曽祖父が熱心な信者だったようで、この地域に最初に聖書を持ち込んだのは、うちの曽祖父らしいです。明治時代出版の聖書が或るのにはビックリしました。古文の教科書より読めない文字ばっかだよ・・・

その関係で、エホバ信者の方々がうちに尋ねてきてはお話をしていってくださいます。
もっとも、彼らのお仕事は布教活動なので、私がエホバ信者になることは別問題だと思っているので、いつも古い明治時代の聖書と、貰った聖書入門書のような本を片手にいつもお話を聞いています。
曽祖父が信者だからといって、我が家がそうだというわけではなく、小さい頃からうちは神道です。
ばあちゃんの葬式とか、一年祭とかに「かしこみかしこみ」やって貰いました。
高校は仏教系の高校に。浄土真宗でした。月に一回、お偉いさんのお話を講堂で聞く恒例行事があったなぁ。
仏典には、結構哲学的な教えがかかれてあって興味を惹かれました。
だから私は、無宗教ではなく、多宗教な感じです。
それゆえか、地元の同級生がエホバ信者の家系だということもあり、余り抵抗はありません。
けれども私は正面から神の教えとか、聖書は神が作られた本だといわれても、うぅん

と首を傾げてしまいます。神の言葉をダニエルという人が書いたもの、それが聖書。この本には人の創造や予言が書かれている、と言われても理解しよう、という気にはなれません。
信仰心から読むのではなく、面白半分、普通の読書感覚で読む、という感じでしょうか。
ただ、京極夏彦の小説のように、今神と呼ばれるものは嘗ては人間だった。
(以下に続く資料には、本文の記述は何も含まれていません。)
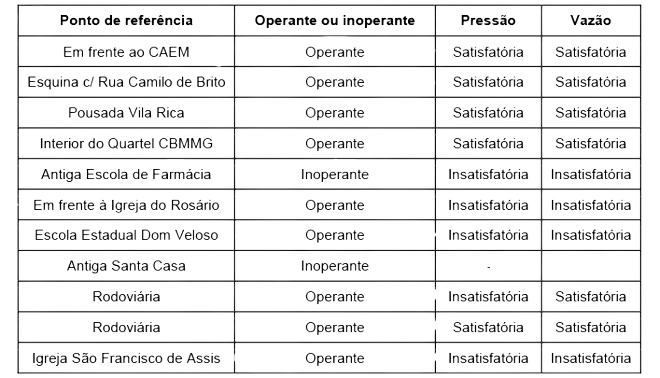 Um diagnóstico realizado pelo Corpo de Bombeiros sobre as condições dos hidrantes

死んでその栄光を祭り称えたのが神と呼ばれるようになった(つまり学問の神、菅原道真のように)、という解釈があって、古事記や日本書紀に書かれている神話とされるものが、大昔の生きていた人間の歴史書であるとするならば、この聖書も昔の人の歴史書である、と考えて読めば、食えないこともない本だと思っています。
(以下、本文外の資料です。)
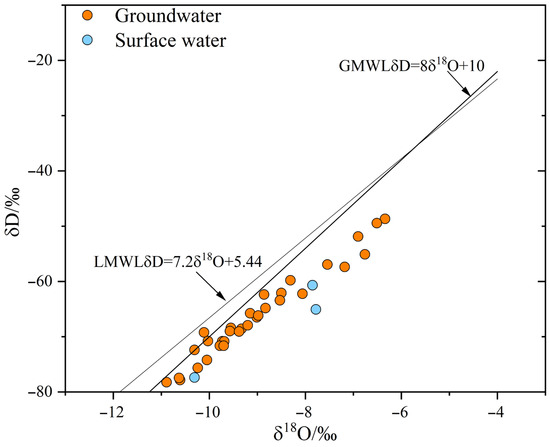Hydrogen and oxygen isotopes are effective indicators of water recharge sources [36,37]. Table 2 presents the isotopic characteristics of groundwater and surface water in the study area. Groundwater δ18O values range from −11.16‰ to −6.34‰ (average −9.07‰), and δD values range from −81.64‰ to −48.68‰ (average −66.6‰). Surface water δ18O values range from −10.31‰ to −7.78‰ (average −8.64‰), and δD values range from −77.39‰ to −60.69‰ (average −67.72‰). Groundwater samples exhibit higher enrichment of heavy isotopes compared to surface water.

ノアの箱舟だって、神の啓示云々は置いておいたとしても、洪水が来ることを知ったノアが箱舟を作り、家族とさまざまな動物の雄雌を乗せて、洪水に飲まれることなく難を逃れた、という聖書の内容にしても、真っ向から嘘だとは考えず、そういう人が居たんだなぁと。
そこで信仰心のない私が疑問に思うこと。
ノアが洪水を逃れたという事実と、神の啓示を受けたのはどちらが先だったのだろうか。
聖書には神の言葉を受けたノアが箱舟を作ったとあるけれど、これが人の歴史であるなら、ノアの箱舟は神のなせる業だと、後の人が信仰に基づく解釈をしたことになるなぁと、思ってしまうのです。
だから神の言葉を書き写したダニエル自身がもしかしたら預言者だったのかなぁと。
それを神の言葉として聖書としたのかなぁと、思うわけです。
もちろん、私の考えはエホバへの信仰心がないから、聖書は人の歴史書だと思うのであって、信者にとってはやはり神からの言葉がつづられた聖書である、とこれは捉え方の違いなので仕方がない。
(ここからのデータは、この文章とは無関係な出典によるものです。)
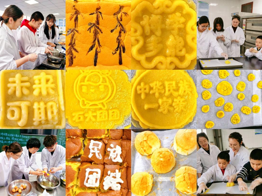 师生们尝试用不同的模具压制出了“博学多能”、“未来可期”、“中华民族一家亲”等纹样,小小的蛋糕胚成为了民族团结的创意画布,各族师生在劳动中深化交流,诠释了“像石榴籽一样紧紧抱在一起”的深刻内涵。奶香萦绕间,团结之情愈发醇厚,他们共同品尝一起制作的蛋糕,分享这份甜蜜。

姿は見えないけれど、私達をお造りになった神様がいらっしゃる。という考えよりも、
去年死んだばあちゃんが、ご先祖様となって我が家の守り神と成り、家族を見守ってくれている、という神道の考え方のほうが、身近であったかくて安心するのは事実です。
だから、いつも見守っていてください。と毎朝御霊様にお参りするんです。
神様は違うし、そのお祈りの方法も違うけれど、信仰で行き着く先は同じような気がするのは、私だけでしょうか。
同じ一神教でも、仏教はちょっと回りくどく自身で考えることを道としてそれを諭し、聖書は神という存在を位置づけて人の歩むべき道を明確にしてしている、という印象を受けました。
私なりに、この聖書をどう理解しようかなんだかいろいろ模索中です。